The Legend of Moleskine

The Legend of Moleskine

One of the things wrong with modern education is that kids don’t learn math.

No, wait. I already said that…

One of the things wrong with modern education is that we are losing the legends and lore of earlier times.  I’ve written before about a friend of mine who did not know the story of William Tell.  I have young friends who think vampires are sparkly gay teenagers instead of minor Eastern European nobility who vant to suck your blood.

This came back to me this morning when I was at Barnes & Noble.  There was a rack of notebooks for sale, but nobody seemed to be interested.  (Kids, notebooks are like small iPads, only you can’t watch movies on them and the batteries last longer — ask your parents.)  I took the above picture of the sign (pictured above) as I realized that the problem was that kids today don’t understand the cultural significance of Moleskine Legendary Notebooks, because they never learned the legend of Moleskine in school.

I decided that since no one else will do it, I would step forward and help further the education of today’s youth.  Gather around, kiddies, as I tell you of the Legend of Moleskine.

The Legend of Mo LeSkine

Once, long ago, there was a French scientist name Maurice “Mo” LeSkine.  Like most scientists of his day, Mo was an astrologer and alchemist.  His parents, Jean and Jeanne LeSkine, disapproved of his pursuits, and urged him to go into the family business of oppressing peasants.  But Mo’s heart wasn’t really into oppression.  He had been bitten by the alchemist’s bug — the ability to turn lead into gold.

So Monsieur LeSkine set himself up in a little laboratory in the outskirts of Paris, and began his experiments.  Every day he would slave away in his lab over a hot philosopher’s stone, transmuting his little heart out.
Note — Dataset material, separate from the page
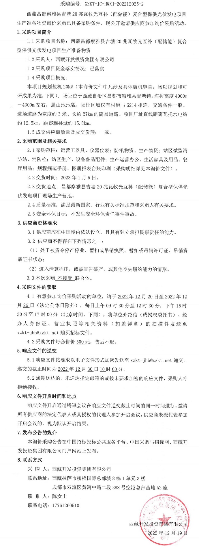 生產(chǎn)準備物資詢(xún)價(jià)采購二次公告
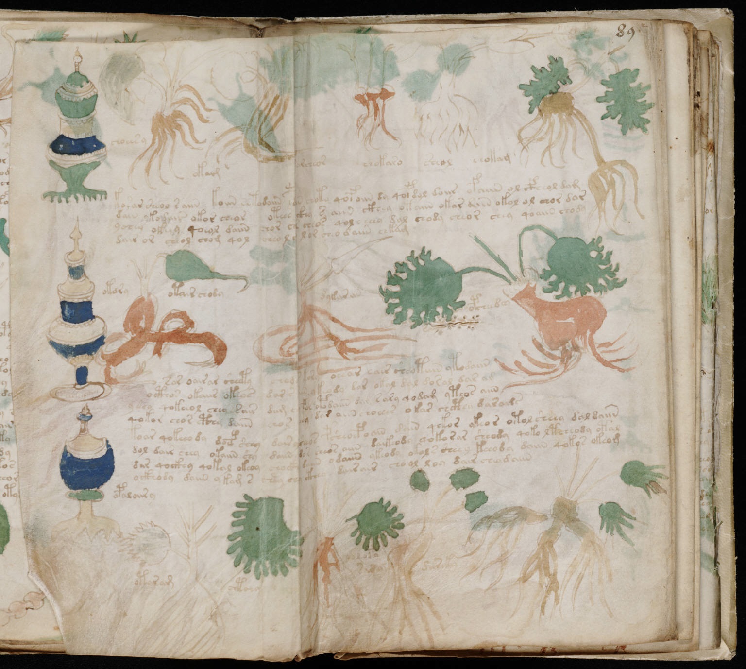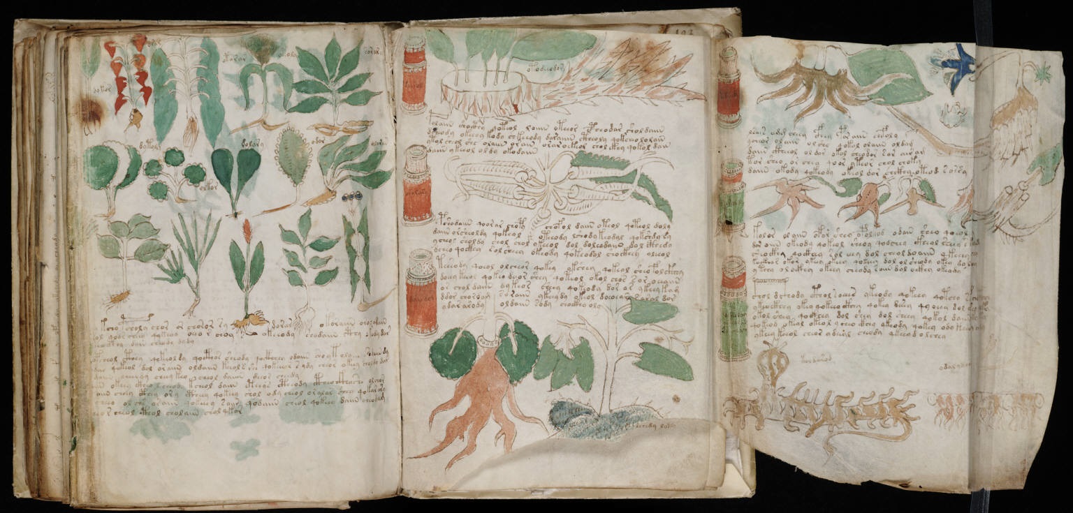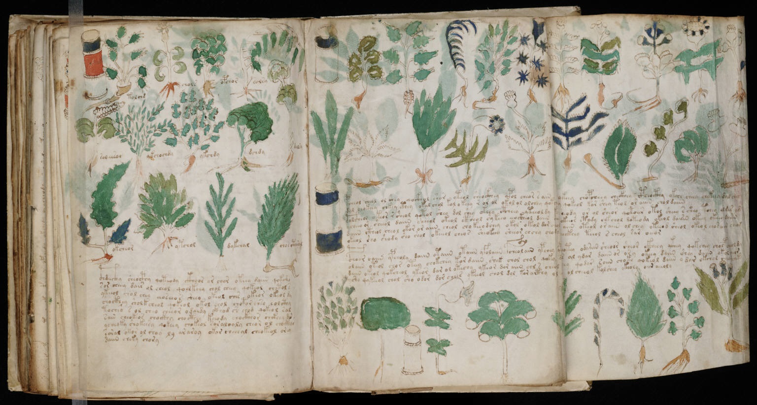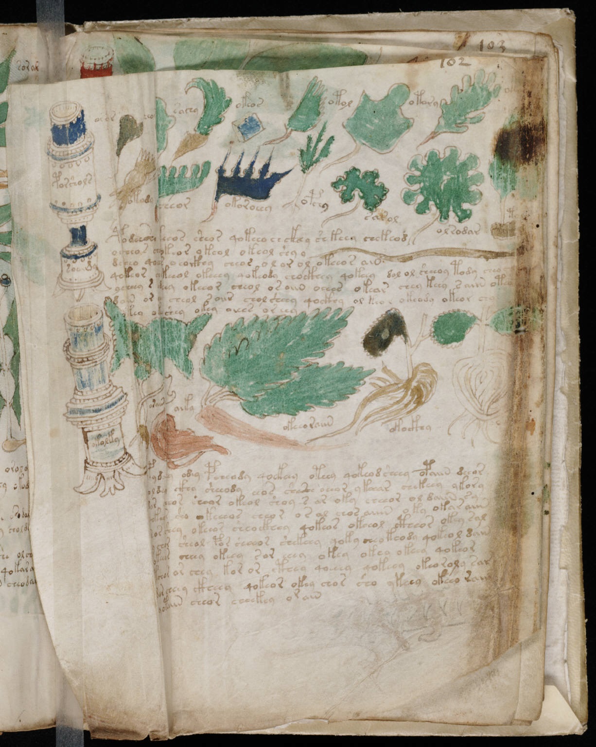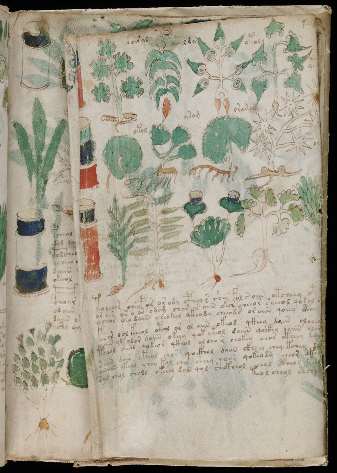 Здесь рисунки частей растений с изображениями аптекарских сосудов на полях страниц.

At night, he would gaze up at the stars, and make notes of their positions.  He didn’t use a telescope for his observations, because he wasn’t sure whether they had been invented yet.  The next morning, he would use his calculations to work out his horoscope, and then back to the transmuting lab to start again.

For months, Mo labored in vain.  He had managed to change lead into beryllium, argon, cubic zirconium, and flubber, but never to gold.  His astrology fared no better.  Every morning his horoscope gave him vague predictions and generic advice. (“Today a man will tell you about a thing you should do.”  “You should eat foods that are good for you.”)

Things were getting desperate for the young scientist.  He’d even noticed some local peasants that looked like they’d benefit from a good oppressing.  But one morning, after a particularly long night of stargazing and wishing someone would at least invent binoculars, Maurice Le Skine composed his daily horoscope and read in astonishment what the stars had revealed.

Pisces: Today would be a good day to transmute lead into gold.  A dark-haired woman will enter your neighborhood.

LeSkine jumped for joy.  Today was finally the day!  He rushed down the stairs to his lab and began furiously working on his transmutation equations.  Finally, after a few hours wishing someone had gotten around to inventing calculus, Mo had his answer.  The formula for transmuting lead into gold!  Scribbling the formula into his notebook, he rushed toward the city to get the supplies he needed, distracted only by the hordes of dark-haired women who seemed to be entering every neighborhood he passed.

What Mo had failed to take into account was that fully one-twelfth of humanity was born between the middle of February and the middle of March, and that included a lot of would-be alchemists.  By the time Mo got to Jacques’ Lead Emporium, the shelves had been stripped bare of lead.  Jacques told Maurice that a new lead shipment wasn’t due till the end of the month.  Dejected, Mo returned home, anxious for the end of the month to come.  It was late, so he quickly made his astrological observations and went to bed.

When he woke up the next morning, he was still groggy from all the excitement of the previous day.  He got his morning coffee and his notebook and set about divining the day’s horoscope.  Just as he was finishing, he was startled by a knock at the door, and dropped his coffee onto the table, splashing it everywhere.  Finding no one at the door, he ignored the spilled coffee and read his horoscope.

Pisces: Today would be a bad day to spill things on your transmutation notes.  Your shoes are under the sofa.

Mo looked over at his notebook, sitting in a grande puddle of coffee.  The ink on the page had run, and the transmutation notes were illegible.  The secret of transmuting lead into gold was gone.

And the legend of Mo LeSkine’s Notebook was born.